Material selection and resource use is one of the key areas assessed in all rating systems. The choice of materials and systems within a material category can have dramatic effect in terms of the environmental burdens captured in a full life cycle assessment. Material selection impacts a number of more specific concerns, such as design efficiency and related material use, recycled content, recyclability, and the potential for reuse. All these considerations are either directly or indirectly taken into account in green building assessment and rating systems. While the systems do not now deal explicitly or well with building durability issues, material selection can also be a key aspect of ensuring a building service life exceeds the desired or planned service life. This is especially true for materials that will be exposed to the elements or subjected to wear and tear from occupants.
LCA Comparison of Precast versus Cast-in-place Systems
Floors and roofs are significant in terms of the environmental burden during the production of the load bearing components of a structure. Optimization of floor and roof components can significantly reduce the environmental impact of the overall structure construction. The table below shows that a precast concrete hollow core slab system can offer clear embodied energy advantages relative to a cast-in-place floor slab.
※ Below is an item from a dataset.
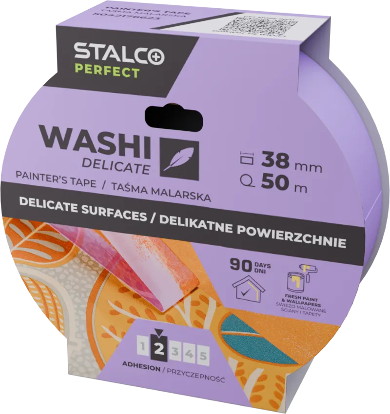 Jemná maliarska páska Washi DELICATE je profesionálna páska vyrobená z najkvalitnejšieho originálneho japonského papiera washi. Je určená pre mimoriadne precízne práce na povrchoch vyžadujúcich špeciálnu opatrnosť, ako je napríklad oddeľovanie okrajov tapiet pri maľovaní priľahlej steny alebo maskovanie na čerstvo natretých stenách (minimálne 3 hodiny po maľovaní). Zanecháva výnimočne presnú líniu bez podtekania farby. Vďaka svojej ultratenkej, hydrofóbnej a odolnej štruktúre sa dá ľahko odstrániť bez zanechania stôp lepidla a bez rizika poškodenia podkladu.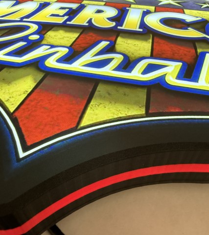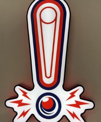 Pin-Signs are contour shaped light up desktop signs that also have holes to hang on a wall. American Pinball Shield Extra Large Pin-sign measuring 22x17x2 Inches

Energy consumption required to produce concrete floors
Item | Hollow core slab (MJ/m²) | Cast-in-place slab (MJ/m²) |
Cement | 186 | 389 |
Steel | 45 | 60 |
Other raw materials | 15 | 23 |
Manufacturing process | 128 | 32 |
Transportation | 28 | 42 |
Total | 401 | 560 |
Source: fib Environmental issues in prefabrication
Distances from a precast plant and a ready-mix plant to the building site are assumed to be the same. The higher energy consumption for the cast-in-place slab is due to the larger volume of cement and concrete needed per square meter of floor.
In the table below, the comparison is broadened to cover a number of physical characteristics and a range of environmental effects. The precast concrete hollow core floor slab is less environmentally intensive than its cast-in-place counterpart, with the exception of greenhouse gas emissions where the precast system was found to have slightly higher impacts.
Comparison of different floor types from a study in the Netherlands where an extensive investigation compared a precast hollow core floor with a cast-in-place floor.
Item | Hollow core slab (per m²) | Cast-in-place slab (per m²) |
Concrete (kg) | 263.7 | 423.0 |
Reinforcement (kg) | 3.2 | 6.1 |
Total mass (kg) | 266.9 | 429.1 |
Eutrophication (kg P04-3 eq.) | 0.0356 | 0.0410 |
Exhaustion (x 10-12) | 0.0468 | 0.0707 |
Ecotoxicity (xl03 m3) | 2.78 | 5.81 |
Greenhouse effect (kg CO2 eq.) | 55.2 | 53.4 |
Acidification (kg SO2 eq.) | 0.252 | 0.306 |
Summer smog (kg C2H4 eq.) | 0.0297 | 0.0460 |
Human toxicity (kg) | 0.318 | 0.411 |
Use of primary energy (MJ) | 461 | 643 |
Solid waste (kg) | 36.3 | 58.8 |
*Note: "eq." = equivalents
Source: fib Environmental issues in prefabrication
These results reflect the efficiency of material use in a precast system with advanced production processes using high strength concrete reinforced with prestressing steel. Precast structures use less material to achieve the same load bearing capacity compared with cast-in-place structures. Smaller precast cross sections result in less dead load to carry. CSA A23.3 allows the use of a higher material resistance factor for certified plant manufactured precast concrete elements. The choice of one precast load bearing system over another does not have a major impact on the environmental burden created by the construction.
Prestressing done by pretensioning prestressing strands in the forms at a precast plant is highly efficient; reducing the amount of embedded steel and improving structural performance.
Example: Comparing a prestressed and rebar reinforced concrete beam
A beam spanning 7.0 m is required to carry a dead load of 30 kN/m and a live load of 25 kN/m. A cross section of 300x600 mm is chosen with top reinforcement of 2-No.20 bars. The main reinforcement required for the reinforced beam is 4-No.30 bars to carry the load, while a prestressed beam needs 8-13 mm strands. The reduction in shear reinforcement in the prestressed beam is neglected. The reinforcement required is 2800 mm2 for the reinforced beam compared with 792 mm2 for the prestressed beam - a reduction in the area of the main reinforcement of about 70%.
Summary
- precasting allows optimized concrete mix designs. Mixes are usually designed to reach 25-30 MPa in 12-16 hours for precasting a new element each day.
- prestressing can significantly reduce the amount of steel used; and
- post-tensioned concrete can be employed at a precast plant and is often used at the site to join elements as moment connections, shear walls and for stabilizing elevator and stair shafts in tall buildings.